Sacks, the author of Invisible Visits: Black Middle-Class Women in the American Healthcare System, spoke to one woman in the course of her research whose complaints about knee pain were attributed to her weight for 15 years—until doctors discovered two tumors growing there and almost had to amputate her leg. Examples of doctors ignoring overweight patients’ symptoms can be found documented all over the internet: breathing problems that were actually undiagnosed asthma; fatigue that was actually severe anemia requiring twice-monthly intravenous iron infusions; a persistent cough that was actually related to cancer.

Medical shows, however, have only started to broach the topic of medical bias. The Good Doctor took on race in its fourth season when a doctor misdiagnosed a patient because the protocol she was taught in medical school led her to assume that the patient was lying. But no TV shows have examined weight stigma in this manner. The scene in Shrill is a very clear example of a medical professional looking at a person’s weight rather than actual markers of their health. And it’s important for two very specific reasons, said Sacks. First, it shows people that they’re not alone and should not be ashamed if this happens to them. And second, it reckons with the image of medical professionals in entertainment, similarly to how 2020 saw the reexamination of the ties between policing and Hollywood.

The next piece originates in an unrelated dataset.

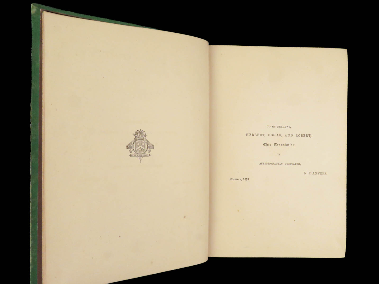 - Binding: Original green cloth with black and gilt stamping

“Critiquing the medical profession is important here, because we’ve typically just seen it being lauded, like, ‘Oh, these people just do good and their sex lives are interesting too,’” Sacks said. Showing an encounter like Annie’s on television that’s treated in both a serious and humorous way has the potential to inspire people “to think more critically and broadly about the medical industrial complex as it is in the U.S.”

TV’s history with fat characters is abysmal—quick, name one fat character who isn’t just the sassy sidekick or so sad she’s fat that every single storyline has to do with her fatness—which is why Shrill has been a cathartic watch for many. This is a show that is groundbreaking for showing two fat women (Annie and her BFF, Fran, played by Lolly Adefope) with robust sex lives that have nothing to do with their size. So it should not be surprising that showing such a common encounter at the doctor’s office is actually a revolutionary depiction of a real, systemic problem.

But that’s kind of the point of the show, said executive producer West during the February press conference.

“We were careful not to think of it as activism because we wanted it to be effective as a story, because that’s the best way to secretly feed people activism,” she said. No disrespect to activists, of course. But instead of force-feeding sappy life lessons, “You wanted to care about this person because you cared about them. That was top of mind always,” West said.

Added Bryant, “Even when we were pitching the show and talking about all these fat experiences, it was always really important to us that that was just a piece of [Annie’s] story. I know Lindy has had a lot of these experiences too, where sometimes you’re just there to do your job—I felt this at SNL—and then suddenly people are putting more on to it because you are a fat person. Or suddenly it is an act of defiance, that you exist on television because you’re fat. That’s an insane way that we’ve had to operate, but I think we really tried to approach it just from telling her story. I think we did that, and we’re really proud of it. I think people will be excited to see these final episodes that not only talk about where she started, but talk about where she’s landed. And there is no finish line. It’s kind of a forever marathon, and you can only deal with it how you can.”